─── DATA FOR THIS TASK

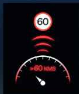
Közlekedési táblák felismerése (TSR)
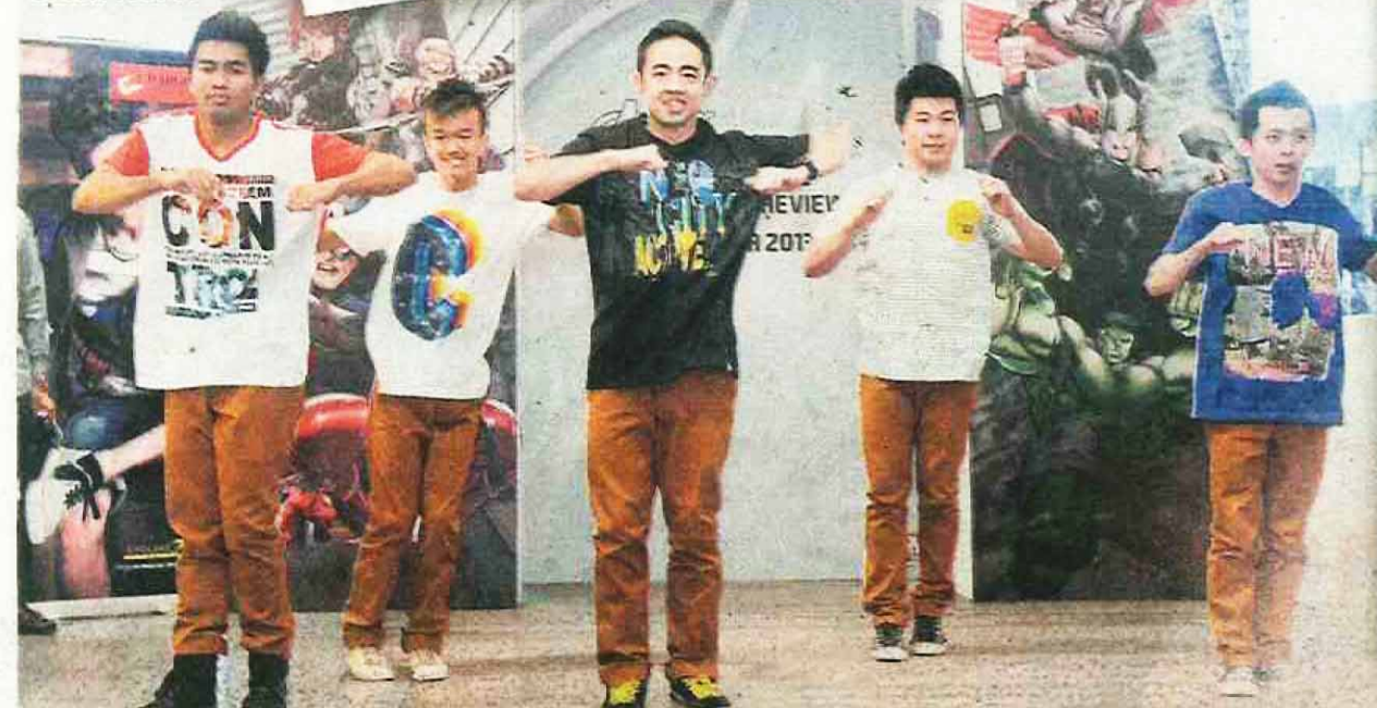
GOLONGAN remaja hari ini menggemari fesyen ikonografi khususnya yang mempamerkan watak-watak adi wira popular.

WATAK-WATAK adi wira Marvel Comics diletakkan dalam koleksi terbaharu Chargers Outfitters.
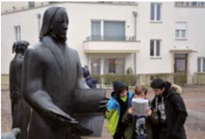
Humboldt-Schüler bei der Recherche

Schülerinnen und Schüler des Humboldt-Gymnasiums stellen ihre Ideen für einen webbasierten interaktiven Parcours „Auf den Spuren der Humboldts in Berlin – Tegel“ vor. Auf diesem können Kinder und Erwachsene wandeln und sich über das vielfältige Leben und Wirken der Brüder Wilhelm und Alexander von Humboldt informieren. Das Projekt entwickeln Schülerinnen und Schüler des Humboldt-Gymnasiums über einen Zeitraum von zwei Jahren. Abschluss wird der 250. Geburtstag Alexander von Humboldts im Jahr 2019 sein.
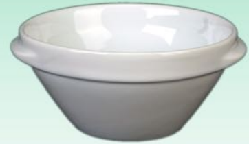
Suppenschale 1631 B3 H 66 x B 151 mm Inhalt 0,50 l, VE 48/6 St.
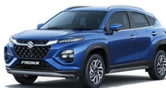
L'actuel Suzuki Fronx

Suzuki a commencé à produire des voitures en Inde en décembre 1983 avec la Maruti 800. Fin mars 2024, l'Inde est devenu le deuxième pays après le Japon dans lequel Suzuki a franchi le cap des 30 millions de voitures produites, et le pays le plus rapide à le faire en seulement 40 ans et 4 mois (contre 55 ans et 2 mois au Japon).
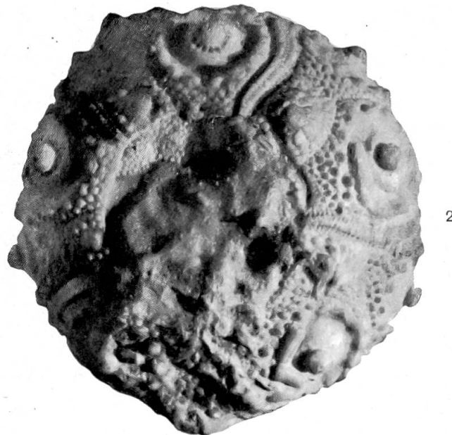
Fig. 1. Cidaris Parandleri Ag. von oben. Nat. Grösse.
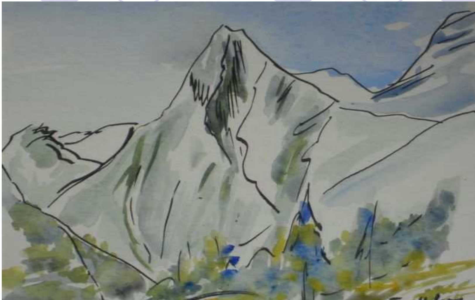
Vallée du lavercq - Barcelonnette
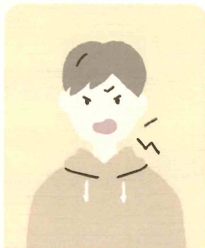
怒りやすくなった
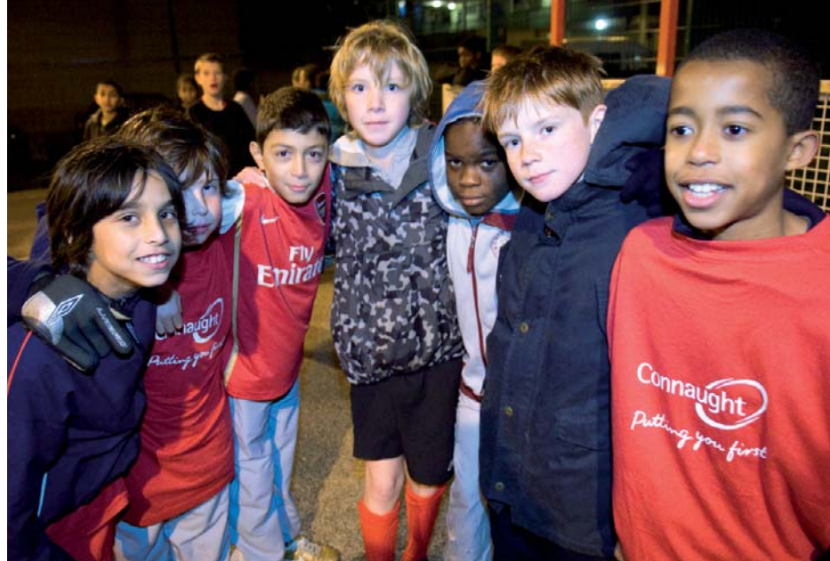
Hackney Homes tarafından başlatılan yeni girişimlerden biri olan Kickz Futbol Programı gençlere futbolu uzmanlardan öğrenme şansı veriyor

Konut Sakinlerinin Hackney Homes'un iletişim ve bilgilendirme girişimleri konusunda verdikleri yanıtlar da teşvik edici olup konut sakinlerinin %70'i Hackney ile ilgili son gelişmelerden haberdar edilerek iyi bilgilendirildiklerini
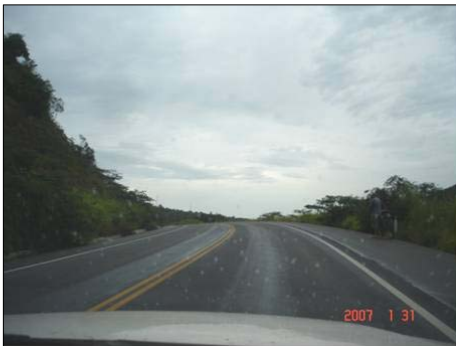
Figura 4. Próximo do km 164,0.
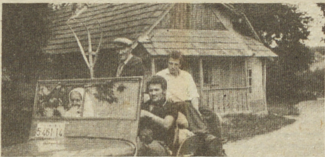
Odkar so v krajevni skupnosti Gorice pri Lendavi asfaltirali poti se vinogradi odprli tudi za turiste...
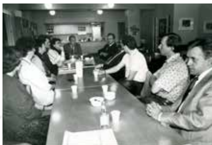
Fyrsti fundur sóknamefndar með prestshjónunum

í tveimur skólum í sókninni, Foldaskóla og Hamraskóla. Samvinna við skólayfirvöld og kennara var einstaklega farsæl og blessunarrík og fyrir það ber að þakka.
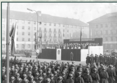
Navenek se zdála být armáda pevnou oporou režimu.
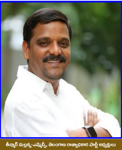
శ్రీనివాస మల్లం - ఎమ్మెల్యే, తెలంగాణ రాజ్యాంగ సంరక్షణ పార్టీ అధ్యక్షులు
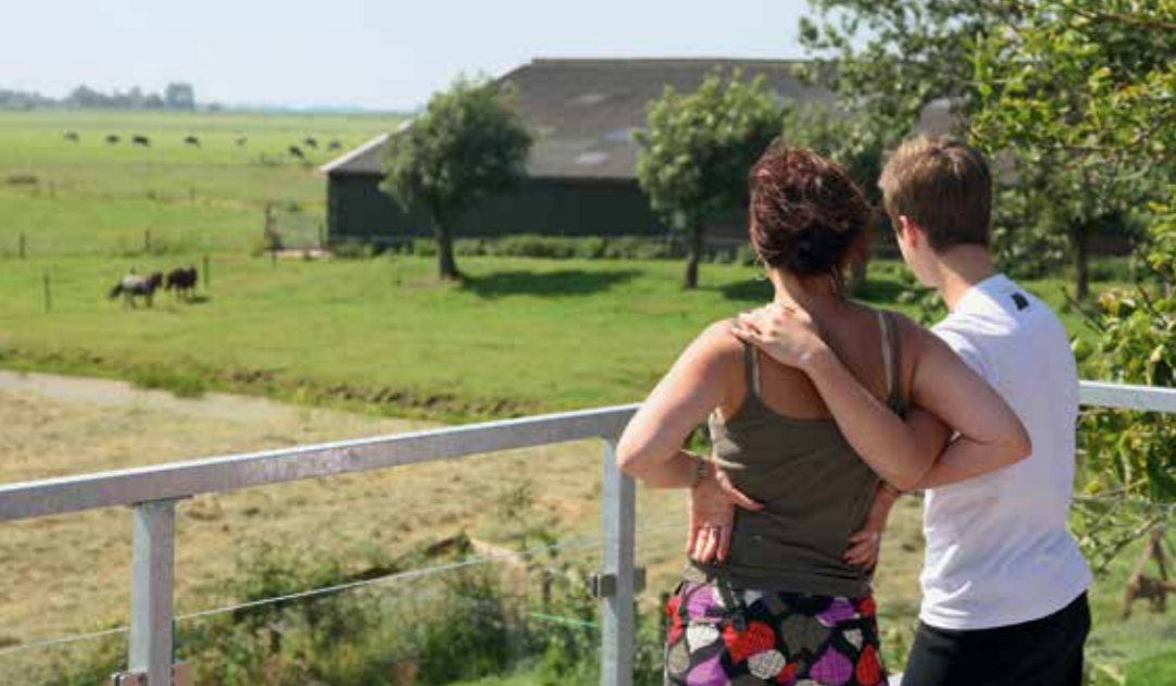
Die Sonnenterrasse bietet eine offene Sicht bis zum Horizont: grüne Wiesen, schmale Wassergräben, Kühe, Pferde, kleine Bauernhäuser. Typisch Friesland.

──────

TASK DETAILS: Go through the entries above and write them out again exactly, images left behind.

SOLUTION TO THE PROBLEM:
Közlekedési táblák felismerése (TSR)
GOLONGAN remaja hari ini menggemari fesyen ikonografi khususnya yang mempamerkan watak-watak adi wira popular.

WATAK-WATAK adi wira Marvel Comics diletakkan dalam koleksi terbaharu Chargers Outfitters.
Humboldt-Schüler bei der Recherche

Schülerinnen und Schüler des Humboldt-Gymnasiums stellen ihre Ideen für einen webbasierten interaktiven Parcours „Auf den Spuren der Humboldts in Berlin – Tegel“ vor. Auf diesem können Kinder und Erwachsene wandeln und sich über das vielfältige Leben und Wirken der Brüder Wilhelm und Alexander von Humboldt informieren. Das Projekt entwickeln Schülerinnen und Schüler des Humboldt-Gymnasiums über einen Zeitraum von zwei Jahren. Abschluss wird der 250. Geburtstag Alexander von Humboldts im Jahr 2019 sein.
Suppenschale 1631 B3 H 66 x B 151 mm Inhalt 0,50 l, VE 48/6 St.
L'actuel Suzuki Fronx

Suzuki a commencé à produire des voitures en Inde en décembre 1983 avec la Maruti 800. Fin mars 2024, l'Inde est devenu le deuxième pays après le Japon dans lequel Suzuki a franchi le cap des 30 millions de voitures produites, et le pays le plus rapide à le faire en seulement 40 ans et 4 mois (contre 55 ans et 2 mois au Japon).
Fig. 1. Cidaris Parandleri Ag. von oben. Nat. Grösse.
Vallée du lavercq - Barcelonnette
怒りやすくなった
Hackney Homes tarafından başlatılan yeni girişimlerden biri olan Kickz Futbol Programı gençlere futbolu uzmanlardan öğrenme şansı veriyor

Konut Sakinlerinin Hackney Homes'un iletişim ve bilgilendirme girişimleri konusunda verdikleri yanıtlar da teşvik edici olup konut sakinlerinin %70'i Hackney ile ilgili son gelişmelerden haberdar edilerek iyi bilgilendirildiklerini
Figura 4. Próximo do km 164,0.
Odkar so v krajevni skupnosti Gorice pri Lendavi asfaltirali poti se vinogradi odprli tudi za turiste...
Fyrsti fundur sóknamefndar með prestshjónunum

í tveimur skólum í sókninni, Foldaskóla og Hamraskóla. Samvinna við skólayfirvöld og kennara var einstaklega farsæl og blessunarrík og fyrir það ber að þakka.
Navenek se zdála být armáda pevnou oporou režimu.
శ్రీనివాస మల్లం - ఎమ్మెల్యే, తెలంగాణ రాజ్యాంగ సంరక్షణ పార్టీ అధ్యక్షులు
Die Sonnenterrasse bietet eine offene Sicht bis zum Horizont: grüne Wiesen, schmale Wassergräben, Kühe, Pferde, kleine Bauernhäuser. Typisch Friesland.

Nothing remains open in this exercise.